Hey folks. Happy Thanksgiving.
I am working on installing the nmea network








so I plan to add some bullet connections to the nmea power cable and connect them to the grey and back wires. I am getting under 12v of power but my understanding is that the nmea network only needs about 10.

curious what the blue and black wires are? Also any idea what these wires are coming off the harness?
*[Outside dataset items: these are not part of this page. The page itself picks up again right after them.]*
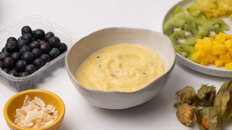 Created by Tasting Table recipe developer Jennine Rye, this tropical smoothie bowl is a great addition to your mornings, afternoons, evenings — basically, you can't go wrong with this treat. A smoothie bowl is simply a thicker version of a smoothie that is served in a bowl, accompanied by a variety of other fruits. This tropical smoothie bowl has a lovely creamy texture and a super zingy tropical flavor that is guaranteed to add a bit of sunshine to the start of every day. With a blend of pineapple, passion fruit, banana, and mango, this smoothie bowl is bursting with vitamins and minerals, which are further supplemented by the additional topping of tropical fruits and coconut flakes. Super quick to assemble and easy to customize, this tropical smoothie bowl makes a refreshing breakfast option that is perfect all year round.
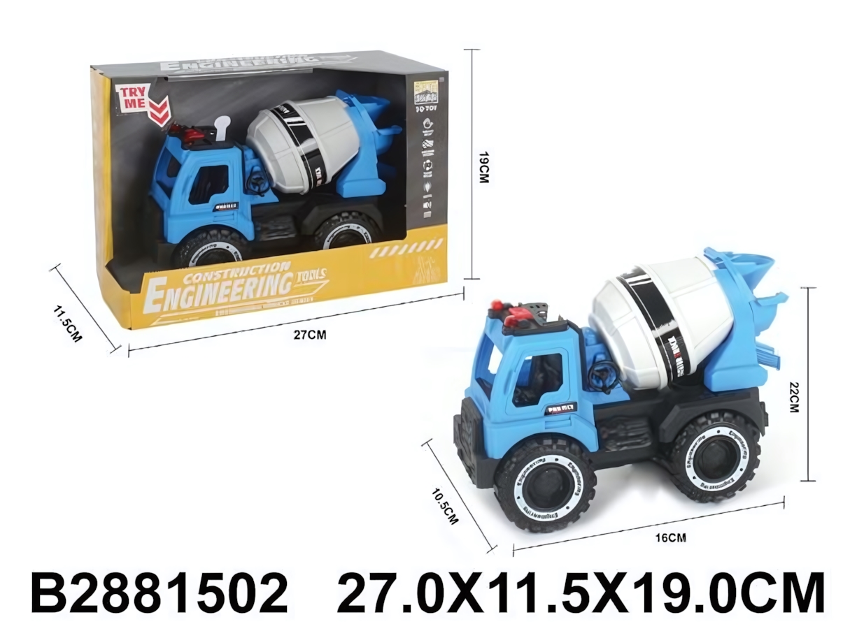 - Реалистичный дизайн: Игрушка детально проработана: узнаваемая форма бетономешалки с вращающимся барабаном, лоток для выгрузки смеси, кабина с окнами и рулём, крупные колёса с протекторами. Голубой, чёрный и серый цвета соответствуют настоящей строительной технике.
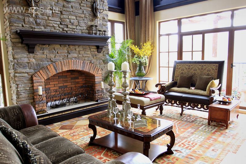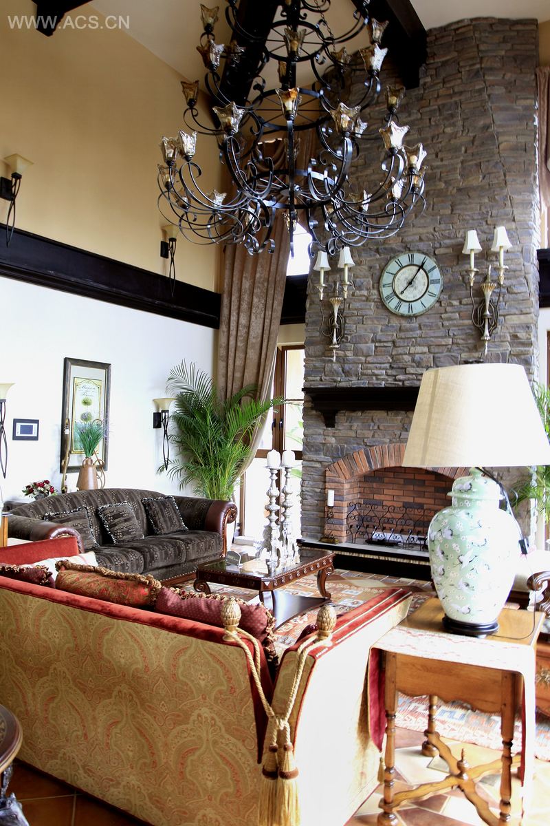本案例的设计风格为弗朗明哥西班牙小镇风情:一首弗朗明哥的卡门,牵动着人们的心绪让人们完全感觉出西班牙的神秘、内敛、沉稳、厚重,热情洋溢,自由奔放,色彩绚丽。突出表现艺术与文化,浪漫与自然的家居风格。拱形的造型增加视觉变化与穿透的美学。西班牙式的座椅,让空间既休闲、舒适,还不失高贵气质。客厅上空高悬的铸铁吊灯、色彩浓烈的地毯,都散发一种古朴、典雅的气息。桌球室休闲式设计要求生活的空间自然、舒适、休闲、随意,但同时要富有内涵,不能缺少内在气质。质朴的壁炉,拱形的结构,配合盘旋而上的楼梯,古典的氛围将空间点缀得十分雅致大气。整个空间一种浓浓的异域风情色彩跃然眼前。设计师在客厅墙上设计了壁炉,成为客厅的点缀,客厅壁炉运用大自然原始的红砖,暗示着自然质朴的生活,给整个空间带来了强烈的视觉冲击效果。常用地面拼花铺贴墙面、地面营造出不同功能区的情调氛围。家具与软装饰古典精致,处处露出脱俗的品质。弗朗明哥西班牙小镇风情,空间的合理性与完美性得到了恰如其分的融合,每一处设计是它所恋恋不舍和难以忘怀的生活体验。西班牙崇尚奔放的情怀,浪漫与自由是它的理想。

on the 2 at the far right I was getting 12v.
This is on a Suzuki 90
Thanks


----------



## Smackdaddy53 (Dec 31, 2012)

It looks like the blue and black are labeled. Do you not have some sort of instructions for wiring this system up? I found some detailed instructions online for a client of mine but I can’t find them at the moment.
You should look for a wiring diagram for your specific outboard as well, that would be very helpful.


----------



## TeamJib (6 mo ago)

Yes it is just labeled as “2”
I don’t have instructions, either lost or tossed them. The boat builder put the engine cable in.
I have a couple other Suzuki engines and have been able to find some diagrams and info on line but seems that they keep their information pretty close to the vest, I suppose to support their dealers and maintenance techs.


----------



## Smackdaddy53 (Dec 31, 2012)

Best I could do brother



https://outboarddirect.com/wp-content/uploads/2020/12/99518-03180-03A-Rigging-Manual.pdf


----------



## TeamJib (6 mo ago)

The black and grey nmea labeled wires were sufficient to power the network. Fyi


----------



## Smackdaddy53 (Dec 31, 2012)

TeamJib said:


> The black and grey nmea labeled wires were sufficient to power the network. Fyi


Did you figure out what the black and blue wires were? I saw several schematics showing the blue was for the kill switch but those in your photo were plugged from the factory.


----------



## TeamJib (6 mo ago)

From what I have discovered it looks like the black and blue wires are for a fuel tank sender. The yellow is supposedly the new marine standard for negative power... maybe. Found this in a manual for the suzuki smg4 gauge.


----------